“是!”众人齐齐应到,士气激昂。
男子拍了拍手,长长的呼出一口气,呢喃道:“十几年了……”
男子身旁一个黑衣男子凑近男子道:“公子,大王似乎十分重视那个许 ”
“我不许你们任何人打她的主意,记住了吗?”男子俊颜一沉,眸光中闪过一抹浓浓的阴鸷。
黑衣男子一哂,随即点头:“是。”
玄袍男子如鹰隼一般的目光扫过众人,然后沉声开口:“记住了,若谁敢擅自伤她丝毫,我绝不轻饶。”
众人一愣,都你看看我,我看看你,半晌后皆躬身道:“是!”
男子面色稍缓,挥了挥手:“都下去吧。”
众人闻言纷纷散去。
感觉到屋内有响动,男子看都没看身后,径自开口:“现在没有旁人,舅父可以出来了。”
男子话音刚落,一个年约五十上下的灰袍男子自屏风后走了出来。
灰袍男子看了一眼男人挺直的背脊,朗声开口:“我觉得,咱们还是慎重些为好。”
玄衣男子浓眉微蹙,转身看着身后的男子:“舅父你这话何意?我苦心孤诣准备了这么多年,不就是为了今日么?”
被问到话的灰袍男子凝眉思索片刻后道:“你不觉得今日这宴会似有蹊跷么?”
闻言,玄袍男子神情一僵,细细思索却并未觉得有任何不妥,想了想后看着男子:“舅父何出此言?”
灰袍男子摇了摇头,皱着眉道:“我一时半刻也说不清,总感觉今日这宴会似乎并不是为了给那二人接风洗尘,倒像是……”
“好了舅父你不必多疑,我意已决,自古成王败寇,为了这一天我已经准备了十几年,即使是最后身败名裂,我也在所不惜。”男子眉目间闪过一抹坚决,出声打断灰袍男子的话。
灰袍男子张了张口,终是将想要说的话咽了下去。
想了想,玄袍男子躬身朝灰袍男子作揖道:“若是时,恐怕还要委屈舅父片刻了。”
灰袍男子扬手,摇了摇头道:“你是秀儿唯一的骨血,舅父自然不能让你一直屈居他人之下。这些年舅父忍辱负重,步步为营夺得他的信任,就是为了有朝一日,能够帮到你一二。”
男子点了点头,不再言语,一双幽深的墨瞳忽明忽灭。
目送着灰袍男子的身影隐没在夜色中,玄衣男子眉目微闪,打开门走了出去。
月色如水一般,凉意刺骨。灰袍男子刚一出门,便有一青衣男子自黑暗处现身,朝男子行礼后道:“主子,公子他 ”

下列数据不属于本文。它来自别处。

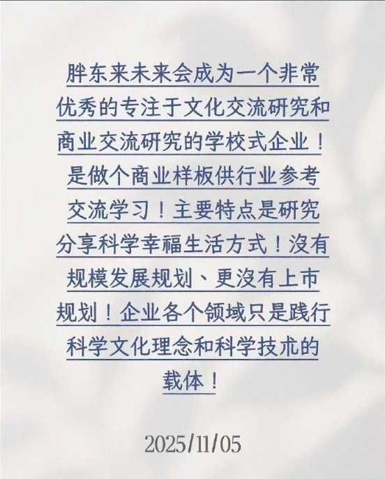 11月5日,胖东来创始人于东来在社交平台发文称:“(胖东来)没有规模发展规划、更没有上市规划!”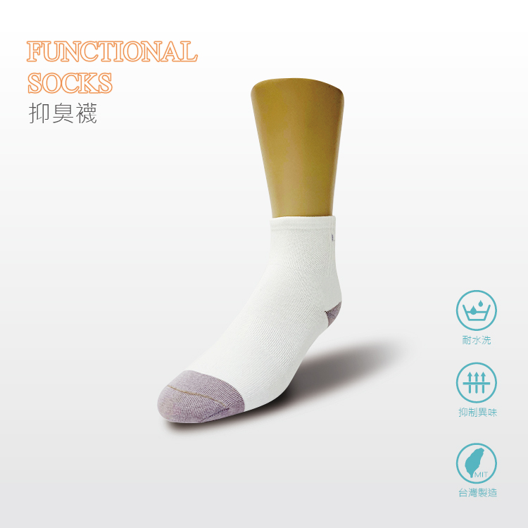 中性中統抑臭襪-白/中灰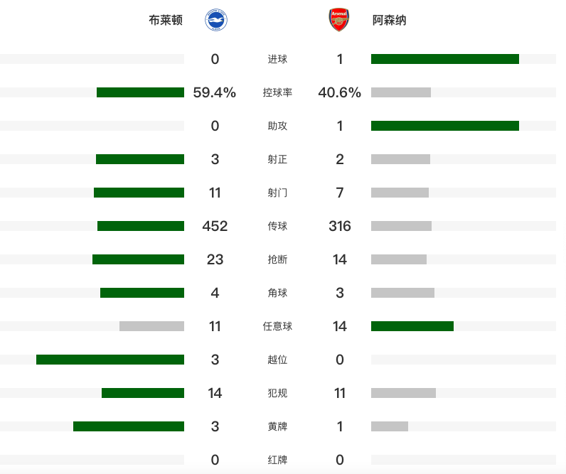 北京时间3月5日凌晨,英超第29轮继续进行,布莱顿坐镇主场迎战阿森纳。第9分钟,萨卡的射门打在巴莱巴身上变向,枪手早早取得领先,这也是全场比赛的唯一进球。最终,阿森纳客场1-0战胜布莱顿,赛季三杀对手。由于曼城本轮2-2战平诺丁汉森林,各项赛事10场不败的阿森纳多赛一场的情况下,领先曼城7分。

“噤声!”灰袍男子浓眉倒竖,满面虬髯的脸孔上布满了谨慎小心,四下看了看,灰袍男子方跃上马车,看了一眼自己的随从,怒道:“我吩咐过你多少次了,在外面万万不可大意。有什么话回去再说。”
青衣男子闻言,连连应“是”,随后便坐上车辕,轻扬马鞭,马车很快便消失在夜色中。